**Task instructions:** Once the line holding "Ahora hay una" is found in the entries below, transcribe exactly every line up to and including the one holding "Circular cross-section. |", but leave out the pictures.

**Given data:**

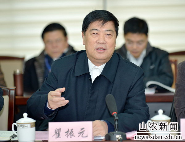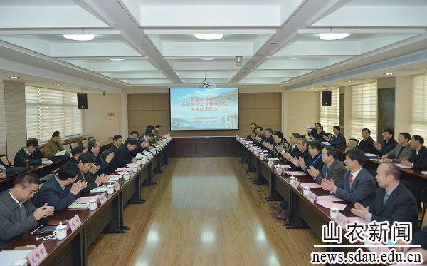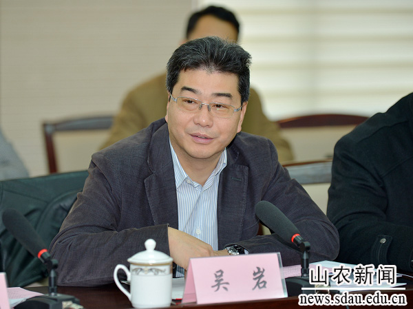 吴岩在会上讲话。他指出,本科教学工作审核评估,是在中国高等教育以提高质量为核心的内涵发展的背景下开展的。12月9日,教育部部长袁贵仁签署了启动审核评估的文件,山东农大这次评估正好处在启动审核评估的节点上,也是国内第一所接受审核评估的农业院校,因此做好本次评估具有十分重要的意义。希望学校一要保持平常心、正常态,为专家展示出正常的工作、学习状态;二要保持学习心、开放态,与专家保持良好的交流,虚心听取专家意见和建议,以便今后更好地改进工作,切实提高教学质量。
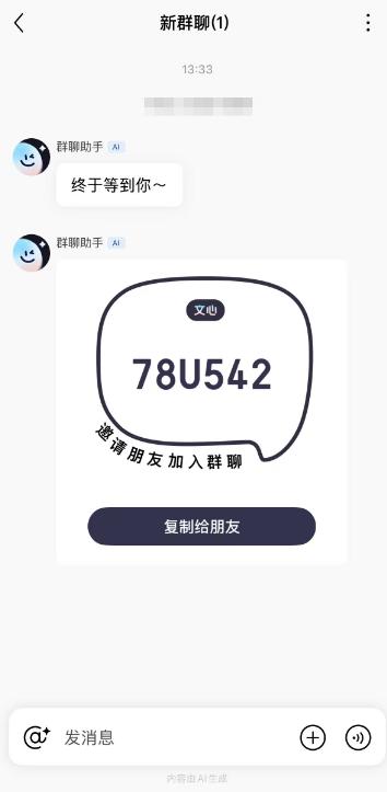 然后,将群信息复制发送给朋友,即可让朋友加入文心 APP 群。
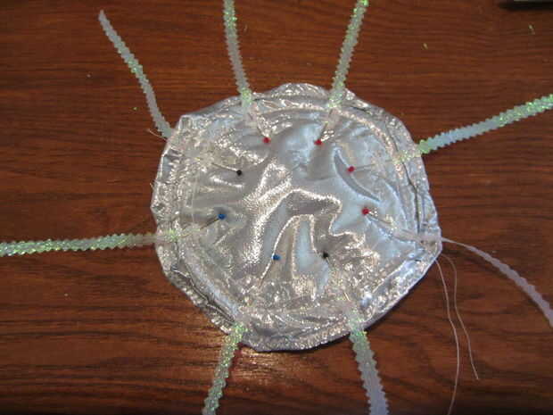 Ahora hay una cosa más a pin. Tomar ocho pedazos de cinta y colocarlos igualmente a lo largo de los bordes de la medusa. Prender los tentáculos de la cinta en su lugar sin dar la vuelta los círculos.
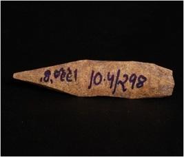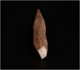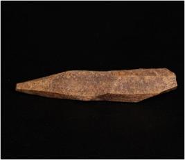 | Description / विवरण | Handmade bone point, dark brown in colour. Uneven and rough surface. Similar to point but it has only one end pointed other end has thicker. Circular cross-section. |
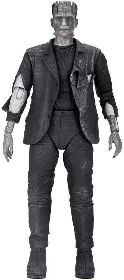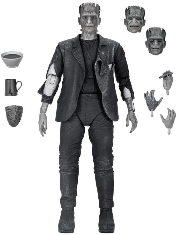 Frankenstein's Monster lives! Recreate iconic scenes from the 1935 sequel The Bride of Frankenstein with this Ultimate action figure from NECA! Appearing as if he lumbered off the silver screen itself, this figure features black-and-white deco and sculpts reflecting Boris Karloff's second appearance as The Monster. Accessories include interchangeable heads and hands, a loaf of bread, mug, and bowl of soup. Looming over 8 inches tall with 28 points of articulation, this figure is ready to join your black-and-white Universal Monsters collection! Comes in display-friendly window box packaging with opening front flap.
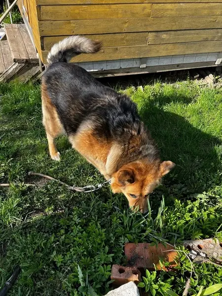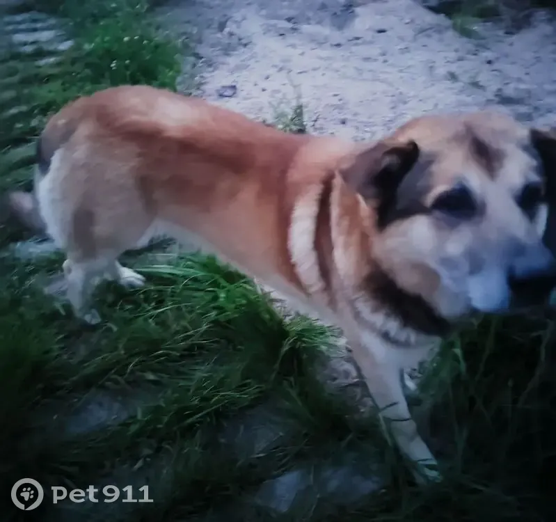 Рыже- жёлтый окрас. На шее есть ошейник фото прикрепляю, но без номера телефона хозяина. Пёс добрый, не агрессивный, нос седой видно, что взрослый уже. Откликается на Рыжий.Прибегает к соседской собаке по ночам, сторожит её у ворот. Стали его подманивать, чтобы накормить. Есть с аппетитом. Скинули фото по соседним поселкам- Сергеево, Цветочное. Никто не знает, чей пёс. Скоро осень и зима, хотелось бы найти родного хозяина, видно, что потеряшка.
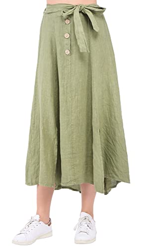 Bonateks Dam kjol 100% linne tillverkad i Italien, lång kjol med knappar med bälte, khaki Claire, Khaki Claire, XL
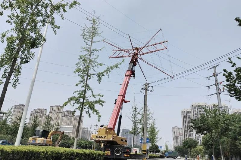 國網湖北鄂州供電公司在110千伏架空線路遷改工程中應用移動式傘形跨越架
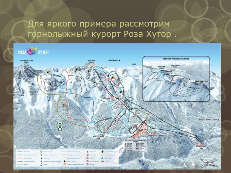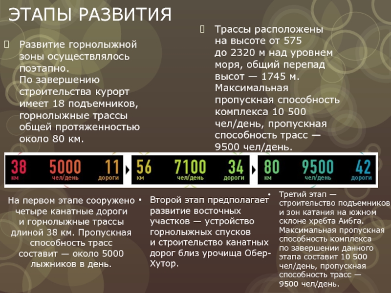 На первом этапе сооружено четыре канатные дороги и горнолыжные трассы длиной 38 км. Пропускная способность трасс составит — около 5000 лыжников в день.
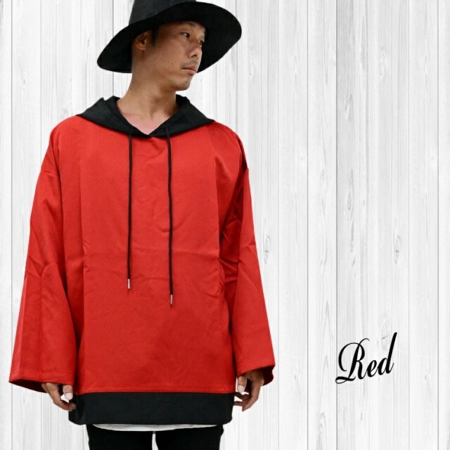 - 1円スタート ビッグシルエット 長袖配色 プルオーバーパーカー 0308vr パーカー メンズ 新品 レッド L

**Exercise result:**
 Ahora hay una cosa más a pin. Tomar ocho pedazos de cinta y colocarlos igualmente a lo largo de los bordes de la medusa. Prender los tentáculos de la cinta en su lugar sin dar la vuelta los círculos.
 | Description / विवरण | Handmade bone point, dark brown in colour. Uneven and rough surface. Similar to point but it has only one end pointed other end has thicker. Circular cross-section. |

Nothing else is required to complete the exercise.